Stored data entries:
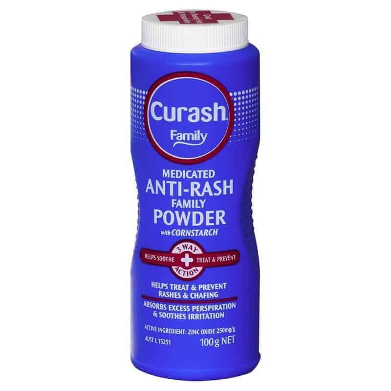 Curash Medicated Anti-Rash Family Powder is a soft, fine powder formulated with zinc oxide and cornstarch to help soothe, treat and prevent rashes, skin irritation and chafing.
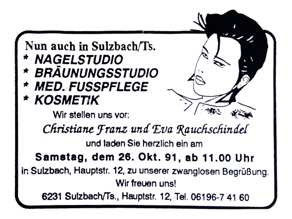 Drei Jahre später - 1991 entstand folgerichtig das Unternehmen in Sulzbach am Taunus, das ich 1997 in Praunheim alleine fortsetzte.
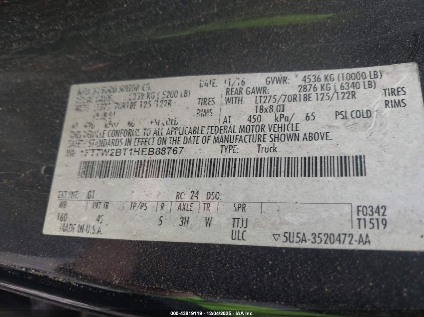 Колір ЧорнийЦиліндри 8Привід Повний привідVIN 1FT7W2BT1HEB88767Стан СтаціонарноУшкодження Пожежа AutoRIA
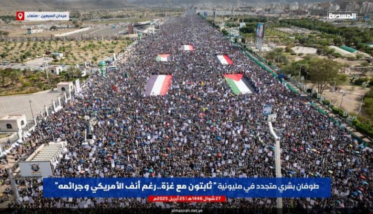 تحت شعار “ثابتون مع غزة.. رغم أنف الأمريكي وجرائمه”.. طوفان مليوني بصنعاء نصرة لفلسطين
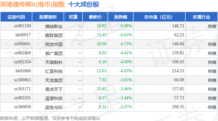 深港通传媒R(港币)(483076)指数十大成份股详情如下:
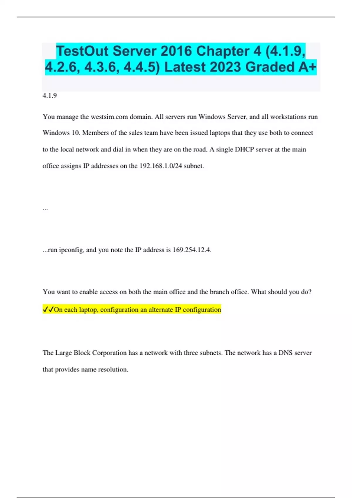 TestOut Server 2016 Chapter 4 (4.1.9, 4.2.6, 4.3.6, 4.4.5) Latest 2023 Graded A+ 4.1.9 You manage the domain. All servers run Windows Server, and all workstations run Windows 10. Members of the sales team have been issued laptops that they use both to connect to the local network and dial in when they are on the road. A single DHCP server at the main office assigns IP addresses on the 192.168.1.0/24 subnet. ... ...run ipconfig, and you note the IP address is 169.254.12.4. You want to enable access on both the main office and the branch office. What should you do? On each laptop, configuration an alternate IP configuration The Large Block Corporation has a network with three subnets. The network has a DNS server that provides name resolution. Stacy has been asked to implement a DHCP solution for her network. Currently, all hosts use manually configured static IP addresses. She installs a DHCP server and configures it to deliver IP address, default gateway, and DNS server configuration information. What must Stacy do at each client to complete the configuration? (Select two.) Configure each host to obtain DNS server address automatically Configure each host to obtain an IP address automatically You have a single router with three subnets as follows: - SubnetA = 50 hosts - SubnetB = 15 hosts - SubnetC = 65 hosts Which mask values should you use? SubnetA = 255.255.255.192 SubnetB = 255.255.255.224 SubnetC = 255.255.255.128 26 bits = 62 hosts 27 bits = 30 hosts 25 bits = 128 hosts You need to design a network that supports 275 hosts. You want to place all hosts in a single broadcast domain, and want to make sure you do not waste IP addresses. How should you implement your plan? Place all hosts on the same subnet. Use a mask of 255.255.254.0 You have a single router with three subnets as follows: - SubnetA = 60 hosts - SubnetB = 25 hosts - SubnetC = 31 hosts Which
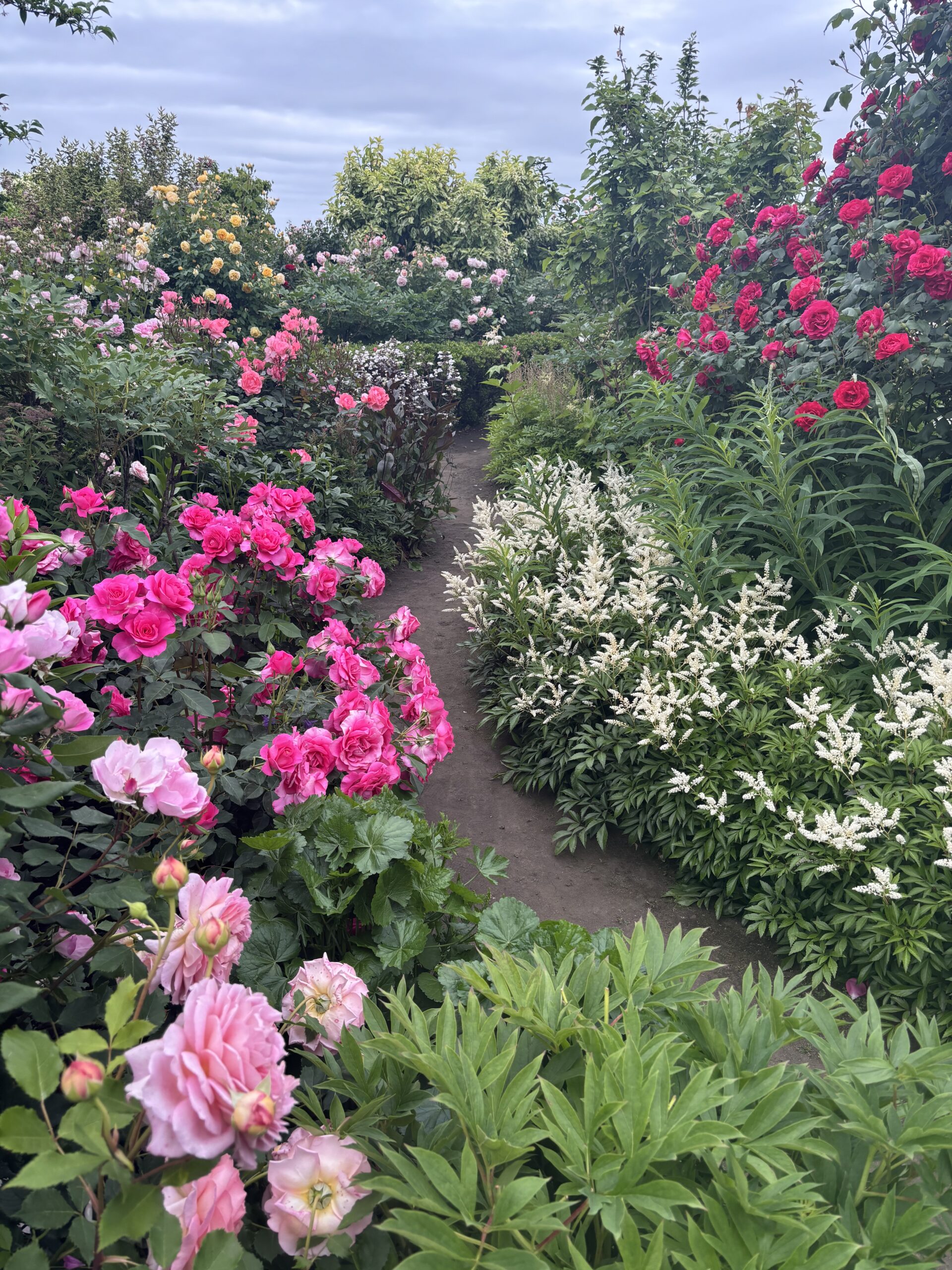 このバラは基本として早咲きなんです。だから庭がバラ期直前の静寂に包まれた緑の中で色鮮やかに咲き初める。
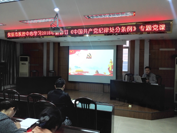 为进一步提升干部职工廉洁自律意识和拒腐防变能力,10月19日下午,仪征市疾控中心举办党风廉政建设专题党课,由党支部副书记李子林讲授2018年新修订《中国共产党纪律处分条例》。市疾控中心全体职工参加了会议。
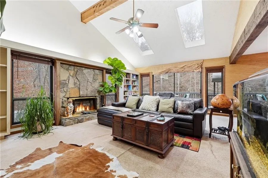 Mid-Century Masterpiece Meets Private Orchard Oasis! Located in Duluth's coveted Howell Wood community, this 5-bedroom, 2.5-bath Mid-Century Modern home offers nearly 3,800 sq. ft. of sun-filled living space with iconic architecture and modern convenience including a Honeywell "Full-house" generator. Enjoy a quiet, established neighborhood just minutes from Downtown Duluth's shops, dining, and festivals. Set on a private 0.47-acre lot, the outdoor space features a producing fruit orchard, a year-round running creek, and a thoughtfully cleared yard ideal for play, pets, or gardening. The finished walk-out basement adds flexibility with a custom bar, and a gym. Inside, beamed cathedral ceilings, Skylights, sliders and large windows flood the home with natural light. The open layout flows to a full-length deck, while the primary suite offers a private deck extension perfect for quiet mornings or evenings. Homes of this caliber and character rarely come to market-don't miss this exceptional Mid-Century Modern retreat.
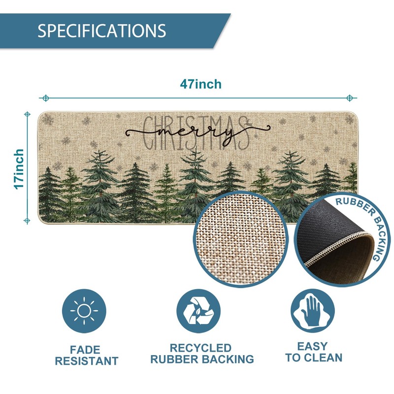 Artoid Mode Pine Trees Snowflakes Merry Christmas Doormat, Winter Home Decor Low-Profile Door Mat Floor Mat 17x47 Inch
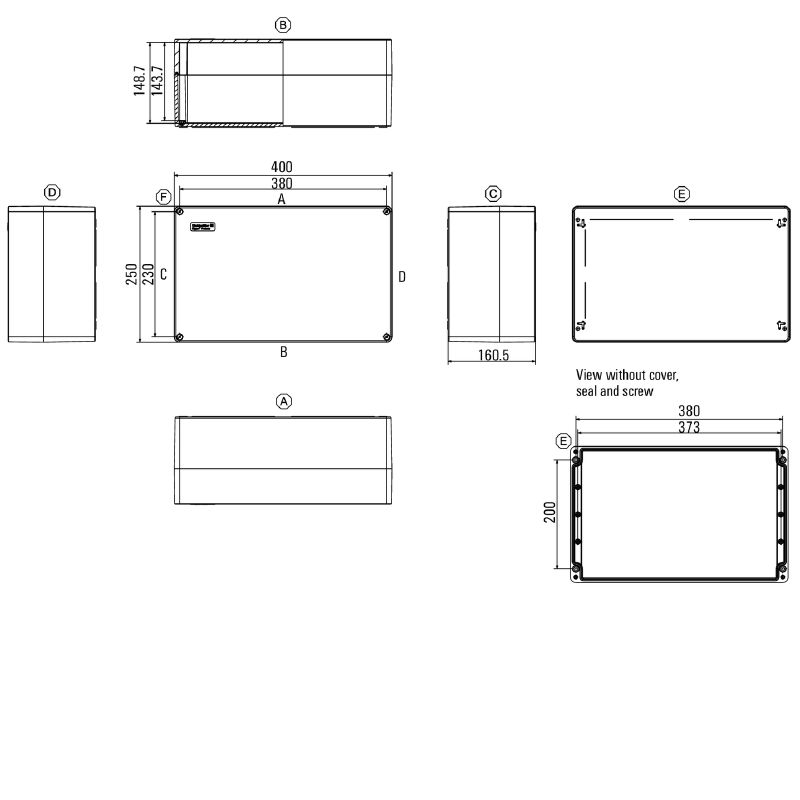 Klippon TB FS (Terminal Box - Fixing Screw), Leergehäuse, Edelstahlgehäuse, Höhe: 229 mm, Breite: 152 mm, Tiefe: 133 mm, Flanschplatten: unten, Werkstoff: Edelstahl 1.4404 (316 L), elektropoliert, silber

▶ THE PROBLEM
Going by the data above, give back only the lines from the one containing "Mid-Century Masterpiece Meets" through the one containing "Artoid Mode Pine", exactly as they stand, both ends included and no images.

▶ TASK RESULT
 Mid-Century Masterpiece Meets Private Orchard Oasis! Located in Duluth's coveted Howell Wood community, this 5-bedroom, 2.5-bath Mid-Century Modern home offers nearly 3,800 sq. ft. of sun-filled living space with iconic architecture and modern convenience including a Honeywell "Full-house" generator. Enjoy a quiet, established neighborhood just minutes from Downtown Duluth's shops, dining, and festivals. Set on a private 0.47-acre lot, the outdoor space features a producing fruit orchard, a year-round running creek, and a thoughtfully cleared yard ideal for play, pets, or gardening. The finished walk-out basement adds flexibility with a custom bar, and a gym. Inside, beamed cathedral ceilings, Skylights, sliders and large windows flood the home with natural light. The open layout flows to a full-length deck, while the primary suite offers a private deck extension perfect for quiet mornings or evenings. Homes of this caliber and character rarely come to market-don't miss this exceptional Mid-Century Modern retreat.
 Artoid Mode Pine Trees Snowflakes Merry Christmas Doormat, Winter Home Decor Low-Profile Door Mat Floor Mat 17x47 Inch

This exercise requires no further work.